In S1, the direction of travel of the front and rear vehicles is defined as the x-axis, the direction perpendicular thereto is defined as the y-axis, and the speed at which the rear vehicle HC is traveling is defined as the v-axis _xHC (t) and the speed in the y-axis direction thereof is 0 (V) _yHC (t) ═ 0); the QC of the front vehicle drives at a speed V _xQC (t) and V _yQC (t) when the front vehicle is changing lanes, the speed V of the front vehicle in the y-axis direction _yQC (t) ≠ 0, where t is the point in time when the leading vehicle starts to lane change, then the leading vehicle lane change results in an offset angle θ (t) on the y-axis:

X _HC (t)＜X _QC (t)-L _QC cos[θ(t)] (2)

in the formula (3), a _xHHC (τ) and a _xQC (τ) is the moving acceleration of the rear vehicle and the front vehicle in the direction of travel (x-axis), v _xHC (0) And v _xQC (0) The initial speeds of the rear car and the front car are respectively.

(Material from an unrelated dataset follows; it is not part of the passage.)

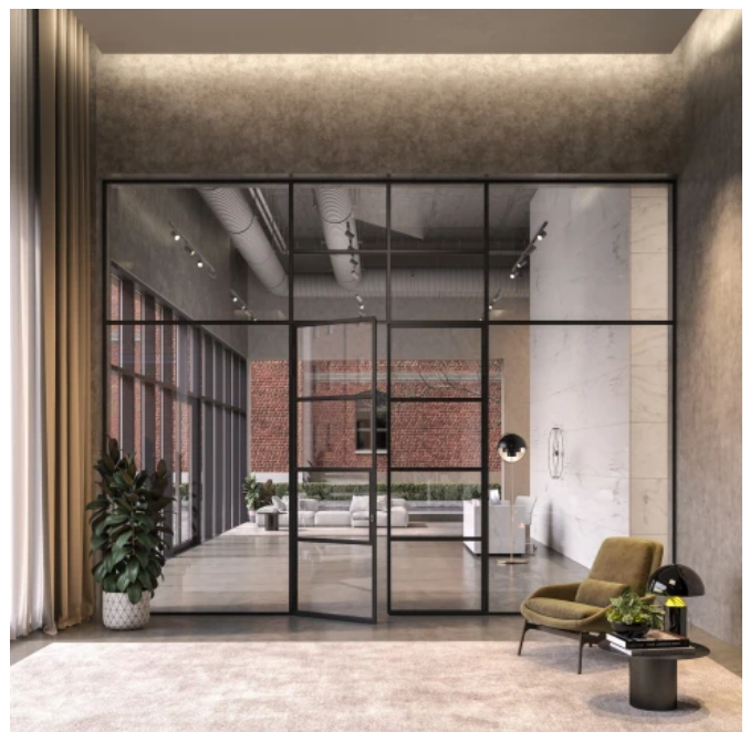
Profilsystem forster presto XS

Mehr Informationen zum Profilsystem forster presto XS

In S2, if the front vehicle, which is originally driving in the same lane as the rear vehicle, suddenly brakes, the rear vehicle also needs to recognize and make an appropriate judgment and brake to avoid collision, and the braking process of the driver driving the vehicle is divided into three stages: the driver reacts time t1, the braking force is enhanced t2 and the brake is continuously applied t3, and the braking distance is as follows due to the automatic braking, i.e. t1 is 0:

x _Δ (t)＝x _Δ (0)+x _QC (t)-x _HC (t)

＝x _Δ (0)+x _QC (t)-x _bH C(t) (5)

x _A (t)＞L _p (6)

in S3, a pedestrian or other stationary obstacle suddenly appears right ahead of the travel of the vehicle HC, and since the pedestrian or obstacle is almost at a standstill in the travel direction with respect to the vehicle, x can be simplified based on the formula (5) _QC (t) 0, and obtaining the distance between the rear vehicle and the pedestrian or other obstacles XR in the braking process as follows:

x _Δ (t)＝x _Δ (0)-x _bHC (t) (7)

x _Δ (t)＞0 (8)

at S4, sudden braking in an emergency situation may cause a physical and psychological discomfort to the passenger, and the violent inertia may even cause a physical injury to the vehicle occupants, and the passenger discomfort may be related to not only the acceleration or deceleration of the vehicle, but also the jerk due to the braking discontinuity, which may be quantitatively calculated as a change in the acceleration:

wherein the maximum value of the acceleration is 4m/s ² 。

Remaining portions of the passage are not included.